産業廃棄物管理票(紙マニフェスト)を交付した排出事業者は、廃棄物を排出した事業場ごとに、前年度(4月1日~3月31日)1年間のマニフェスト交付状況を取りまとめ、毎年6月30日までに管轄の都道府県知事等へ「産業廃棄物管理票交付等状況報告書」を提出する義務があります。
報告書には、事業場ごとに、①産業廃棄物の種類、排出量、②マニフェストの交付枚数、③運搬受託者や処分受託者の氏名(名称)および処理場所などを記載します。
都道府県等は、提出された情報を集計して産業廃棄物の種類ごとの発生量や処理ルートなどを把握し、廃棄物処理計画の策定や減量化の検証などに活用します。

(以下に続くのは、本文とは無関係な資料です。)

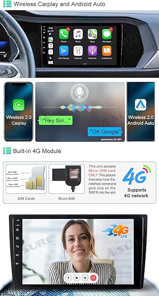 - 【Wireless/Wired CarPlay & Android auto】Wireless Carplay and Android Auto connected with Bluetooth,click ZLink icon to start CarPlay or Android Auto function or back to main page, Wired contected way with the 6 pin USB cable,very convenient to operate,free your hands,keep you stay focused and enjoy entertained while driving
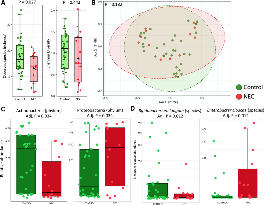 作者納入了含有HMO數據的嬰兒的糞便微生物組數據,進行獨立研究獲得宏基因組測序數據。14例NEC患兒和34例對照組的644個糞便樣本。NEC患兒物種豐富度顯著降低,shannon指數差異不顯著(圖3A)。PCoA分析顯示NEC和對照之間細菌菌群結構差異不大(圖3B)。門水平分析顯示,相比于對照組NEC患兒Actinobacteria 相對豐度顯著降低,Proteobacteria 相對豐度顯著升高(圖3C)。種水平分析相比于對照組NEC患兒B. longum相對豐度降低,Enterobacter cloacae相對豐度升高(圖3D)。
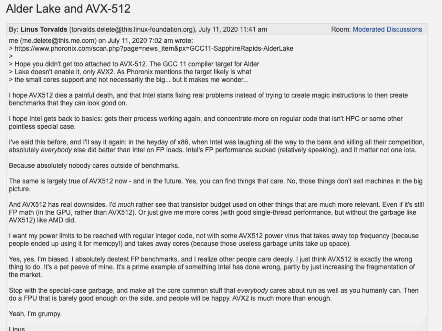 Эта порция ненависти тоже свежая — из 2020 года. И появилась она в дискуссии об Advanced Vector Extensions 512 (AVX-512), которые можно найти на некоторых процессорах Intel.
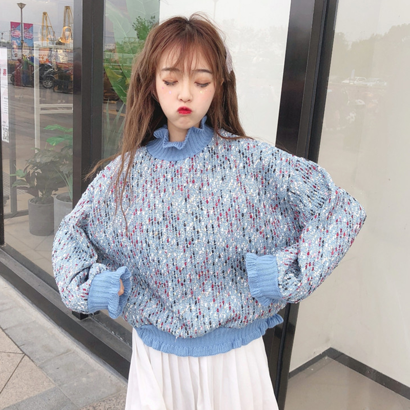 / 氣質木耳邊拼接燈籠袖衛衣女秋冬裝2018新款寬松套頭粗花毛呢外套

また、報告未提出の事業者への勧告や、適正処理を確保するための指導・立入検査にも役立てられます。
さらに、本制度は、排出事業者にとって単なる報告にとどまらず、排出事業者責任の下、自ら処理状況や法令遵守状況を点検し、再確認する機会にもなります。
なお、電子マニフェストを利用している場合は、排出事業者自身による報告書の提出は不要です。
電子マニフェストに登録された情報は情報処理センター(JWNET)に蓄積され、JWNETが排出事業者に代わってデータを集計し、都道府県知事等へ一括報告される仕組みとなっています。